Это была молодая дама монументальных размеров, с громовым голосом и непростым характером. Блюмина была классным руководителем «А» класса из нашей параллели, и, так как среди «ашек» у меня были близкие приятели, я знал, что «ашки» ее безмерно любили. Это, в частности, выражалось в прозвище «Мамочка», которым ее зачастую называли и в глаза. Великолепные отношения с Зоей Александровной установились и у нашего класса, хотя у нас никаких прозвищ не возникло, и за глаза мы все называли ее просто «Зоя». Об ее уроках довольно подробно рассказывается в главе, посвященной предметам и программам. Здесь я бы остановился на некоторых особенностях ее характера, который вполне соответствовал ее монументальным размерам.

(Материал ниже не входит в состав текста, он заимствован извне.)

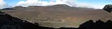 Inside it, delimited by cliffs ranging from 100 to 400 m in height, is the inner caldera, Enclose Fouqué. This flat plain, about 2,200 m above sea level, is almost completely devoid of vegetation and is dominated by volcanic rock and ashes from recent eruptions. It is shaped like a horseshoe with an opening to the east, and spans some 13 km from east to west and 9 km from north to south. In the middle of this moon landscape is the dome of the volcano, rising 400 m above the caldera floor and forming the summit of the volcano. The dome has a diameter of about 3 km and comprises two craters, Bory and Dolomieu:
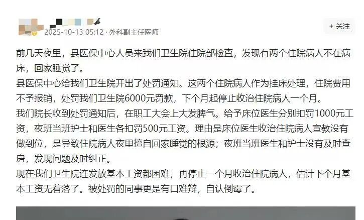 10月13日,江苏某医院一名副主任医师发文提醒:“前几天夜里,县医保中心人员来我们卫生院住院部检查,发现有两个住院病人不在病床,回家睡觉了。县医保中心给我们卫生院开出了处罚通知:这两个住院病人作为挂床处理,住院费用不予报销,另外再对该卫生院进行6000元罚款,下个月起,停止收治住院病人一个月。”

Когда мы слишком расходились, а это случалось достаточно часто, и попадались ей под руку, то могли получить вполне «любовную», но весьма впечатляющую затрещину, сопровождавшуюся чем-нибудь вроде: «или ты сейчас же успокоишься, или я тебе так дам, что от стенки тебя ложкой отскребывать придется».

На одном из родительских собраний в 9-м классе, посвященных, в частности, проблемам поведения, сначала выступал Герман Наумович Фейн, бывший в этот период завучем школы, затем Игорь Яковлевич Вайль, классный руководитель моего, 9 «Е» класса, а затем взяла слово Зоя. В пересказе отца, который был на собрании, и на которого Зоя произвела совершенно неизгладимое впечатление, дальнейшее звучало так:



  • «В отличие от Германа Наумыча и Игоря Яковлевича у меня мужской характер» – начала свое выступление Зоя.

  • «Вы хотели сказать, женский» – выкрикнул кто-то из потрясенных родителей.

  • «Я знаю, что я хотела сказать» – поставила его на место Зоя.

Не менее интересными были и некоторые «указания», которые мы получили от нее перед выпускным сочинением.

Сначала необходим некоторый «исторический экскурс». Дело в том, что годы нашей учебы в школе совпали с появлением и гигантским распространением шариковых ручек. Отечественные ручки были крайне несовершенны, часто текли, иногда пачкали тетради, но все равно были и удобнее и лучше перьевых «школьных самописок». Импортные были малодоступны, хотя изредка появлялись у некоторых из нас. У меня первый в жизни «Паркер» появился в восьмом классе – приехал некий родственник «из Парижа» и привез в подарок ручку и два сменных стержня к ней – это был поистине царский подарок. Тем не менее, после длительной административной борьбы с «шариками», в ходе которой министерство просвещения издавало приказы о запрете пользоваться «шариками» в школе, цивилизация победила, и к нашему выпуску «шарики» совершенно вытеснили всяческие иные пишущие изделия. Были они всех цветов радуги и всех мыслимых оттенков этих цветов.

Так вот перед экзаменом Зоя, в присущем ей стиле заявила: – «Если какая-нибудь сволочь на сочинение придет с зеленой, или, что еще хуже, серо-буро-малиновой ручкой, лично поймаю и прибью. Извольте все купить одинаковые, лучше обычные, фиолетовые, а то ведь на вас не напасешься».

Мы усвоили и закупили на сочинение необходимый запас совершенно одинаковых «школьных» шариковых ручек.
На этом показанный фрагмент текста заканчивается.